Bethesda seems to be operating under the notion that compensation, here, is awarded by the player's personal triumph of getting the Low Chaos ending and keeping Dunwall from becoming more fucked up than it actually is. Dishonored's morality system, to address the second issue, suffers from the exact same problems that every other video game with a morality system does: all roads lead to the same destination. I have yet to play a video game that has developed a satisfying way of empirically measuring the player's choices as "bad or good," "lawful or chaotic," "paragon or renegade." Whether the consequences of these choices are measured through gameplay, plot, or both, there is a collective reluctance to really differentiate either path, for fear that one might provide a more enjoyable experience than the other. Understandable issues of balance are thus parsed into attempting to achieve sameness, which is quite disappointing. Knights of the Old Republic comes close gameplay-wise, but the very last place I'd ever look for a compelling treatment of morality is a Star Wars title.  

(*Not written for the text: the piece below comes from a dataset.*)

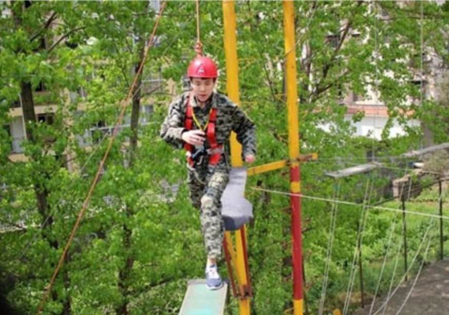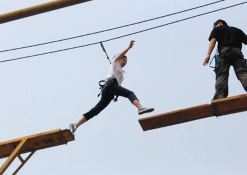 高空斷橋操作流程:學(xué)員站在板上,眼睛注視前方,起步、跨躍、落地。如果有人問你能否一步邁過1.1米的距離,你可能會覺得有些好笑,那有什么難的?但是,試想一下把這個距離放到8米高空,你腳下踩的是一塊只有0.3米寬、1米左右長的鋼板,要跨到另一塊同樣細長的鋼板上,兩者之間雖然只有1.1米,你能保證自己心里一點的也不打鼓嗎?高空斷橋就是通過讓你在高空邁過這艱難一步來進行心理訓(xùn)練,它能令你勇氣倍增。

Having played through the game stealthily, though allowing myself an occasional taste of swordplay and carnage, Dishonored misses the mark on this balance without providing substantial narrative justification for it. If you're meticulous enough to let a majority of the Dunwall citizenry live, then you'll get a few changed lines of dialogue, an otherwise-inaccessible reward or two, things like that. The missions remain the same, right up to the final one, which culminates in one minute's worth of fluffy epilogue babble. The qualities that are supposed to make choices like this matter, like interesting characters or tough ideological quandaries, are noticeably absent. You can kill Lady Boyle or help her flee her mansion but who the hell is Lady Boyle anyway? Dunwall's revolutionaries are a pretty dull lot, every single one of them ill-equipped to serve as mouthpieces for this richly envisioned city. This is also a consequence of the quick pace of the game; Dishonored never allows itself the time to develop any of these stock characters past their respective uses as plot-pushers, quest hubs, or merchants. You learn much more about the environment from books, flyers and even graffiti than you do from any person that you can actually "interact" with, and that makes your role in the proceedings seem all the more shallow. The human element of the game is sorely lacking, which is a crippling oversight for a game that tries to tell a very human tale. Though Dishonored remains fun, in spite of these problems, it speaks to a greater storytelling deficiency in modern gaming that developers have yet to adequately address. How do you reconcile different styles of narratively-charged play with a game that can only sustain a preprogrammed number of paths? A binary morality system, I'm starting to realize, is not the way.